Zeitlin, along with his talented cast, has done a strong job representing communal strength. We never see them cry or be weak because having that support from friends and family lights that fire underneath them to focus on what to shoot for.
Whether it’s an authentic representation of post-disaster behavior is questionable, but the friendships and the positive attitudes make rooting for this motley crew easy.
The film is told from the perspective of six-year-old Hushpuppy. This is where I really wrestle with a final grade.
Like the high spirits represented by the community, the portrayal of the innocence of a child is shown with equal competence. We always believe what we’re seeing is what this little girl would be focused on.
When Hushpuppy and her pals search for her mother in an establishment that may or may not be a brothel or a gentlemen’s club, Hushpuppy’s focus isn’t aimed at the scantily clad women asking them questions. She’s much too focused on the dust that lingers in the air in front of the lights.

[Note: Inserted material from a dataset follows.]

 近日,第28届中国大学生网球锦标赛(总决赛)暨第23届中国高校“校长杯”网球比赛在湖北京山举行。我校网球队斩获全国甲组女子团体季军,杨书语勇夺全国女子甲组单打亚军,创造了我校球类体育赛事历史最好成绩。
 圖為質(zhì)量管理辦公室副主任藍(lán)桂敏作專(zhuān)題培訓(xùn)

Hushpuppy is fascinated with sounds. We see and hear her resting her ear up to animals to hear the pounding of their heart and when a noise is heard far away, she instantly thinks of the first thing that would make a similar crash. She also has an active imagination that cuts in and out as it pleases.
All of this adds to our energetic lead character but does it interrupt the story or cause distractions? Yes.

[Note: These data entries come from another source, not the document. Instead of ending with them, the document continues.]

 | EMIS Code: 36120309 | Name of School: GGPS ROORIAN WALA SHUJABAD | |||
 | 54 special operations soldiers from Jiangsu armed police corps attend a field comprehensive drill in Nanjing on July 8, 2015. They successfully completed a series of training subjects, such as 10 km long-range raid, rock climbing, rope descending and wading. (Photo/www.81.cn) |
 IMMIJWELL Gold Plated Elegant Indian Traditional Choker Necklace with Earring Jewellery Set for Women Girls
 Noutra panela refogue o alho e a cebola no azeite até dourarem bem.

I appreciate Zeitlin wanting to tell this tale from the perspective of a young one and I applaud him for excelling, but this style shouldn’t get in the way of the story.
For example, there are scenes that occur where Hushpuppy will be daydreaming while a conversation goes on between the adults. All of a sudden, someone will start yelling. And then, Wink will yell at Hushpuppy to do something. Hushpuppy is taken off guard and confused and we can’t help but feel the same way.
These conversations may not provide much to the story but by constantly taking audiences out of the action to throw us into the mind of a daydreaming six-year-old is risky and creative but a tad maddening. What if those conversations were adding depth to the adults? You can still keep the visuals in the mind of a child while the audio captures the rowdiness of an adult.
The film does this often and at first we aren’t too sure what the film is doing. With Beasts of the Southern Wild being very light on a hard plot, we’re searching for problems to invest in but, the film doesn’t allow us to get involved.
However, during that brothel/gentlemen’s club sequence, audiences will officially realize what Zeitlin and Alibar were doing from the start and it’s up to us to decide if this was a step in the right direction or if this filmmaking could’ve been tamed.
After stewing on it, I walked away from Beasts of the Southern Wild with a strong appreciation and affection for it and I may even watch it again down the road (it has an appropriate and breezy runtime, by the way).
I don’t agree 100% with how often we’re taken inside the mind of young Hushpuppy but I’d rather see a filmmaker experimenting with different techniques in order to make a spark than a lazy filmmaker settling with a familiar fizzle.